What's with all the CMR questions all of a sudden??? All right, this will be the next organic explanations post I write, but I can't do it right now. You don't need to memorize the ppms for CMR for the MCAT. But if you want to know a couple, the most helpful ones are probably carbonyls, which come around 175ish, and aromatics, which come just upfield of that in the 120-160 range.

Here's a pic of a C-13 of methyl salicylate, which is a compound that is aromatic and also contains a carbonyl:

The one on the very far left is the carbonyl, and the next six are from the aromatic ring. The one on the far right is the methyl group.

thank you

 

[Cloudcube]

Ok, for the decoupled one, you are seeing one peak for each unique carbon. You have three unique carbons in that molecule, so there should be three peaks. The fourth one is probablyTMS if it's at 0 ppm.
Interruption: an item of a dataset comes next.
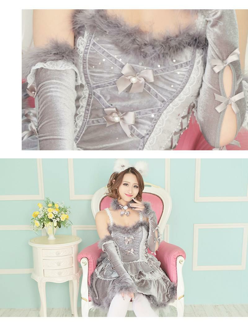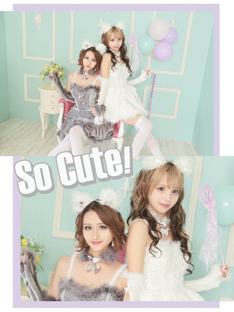 キュートな猫コスプレで夢中にさせる! コスプレ ファーキャットガーリーハロウィンコスプレ あいさ あいみん 着用 レディースコスプレ7点セット【Ryuyu/リューユ】(フリーサイズ)(ホワイト/グレー)

For the coupled one, what you are seeing is the effect of coupling a carbon with the protons attached to it, and you follow the n + 1 rule just like you do for proton NMR. So the first C has one proton on it, and it shows up as a doublet. The middle C has one proton as well, and it shows up as a second doublet, further upfield (toward 0) because it only has one Cl on it. The third C has three protons on it, and it shows up as a quartet the furthest upfield because it has no Cl on it. Again, the fourth one is probably TMS. TMS is tetramethylsilane, so you'd expect those methyls to be quartets that show up around 0.

I just want to make sure I have this straight. For C-NMR we just see how many hydrogens are attached to that particular Carbon and add 1. For H-NMR we would look at the Carbon and see how many neighbours that carbon has and add one. Yes? So, for example, 1,1,2-tricholoropropane (first carbon has two Cl's, one H; second carbon has 1 Cl and 1 H; last Carbon has 3 H's) we would say that the first Carbon has 2 peaks because it's neighbour has 1 H add one, second has the 1 H from the first Carbon plus the 3 H's from last Carbon and add 1 for a total of 5 peaks and the third one has 2 peaks as well from the H's of the middle Carbon. Yes?

Thanks!

 

[deleted106503]

Wait, I thought for C-NMR they show you the carbons (odd # isotope, C 13 for example). Because in that graph, the benzene has 6 peaks, and benzene has 6 carbons. Carbonyl has 1 carbon. I hope I'm looking at this right

Also, how can we tell the number of carbons in a molecule if say every carbon has another carbon just like it (same chemical shift). So the graph would only show each TYPE of carbon, not how many of each type if a few are the same type (substituents and orientation)? Will there be more info given?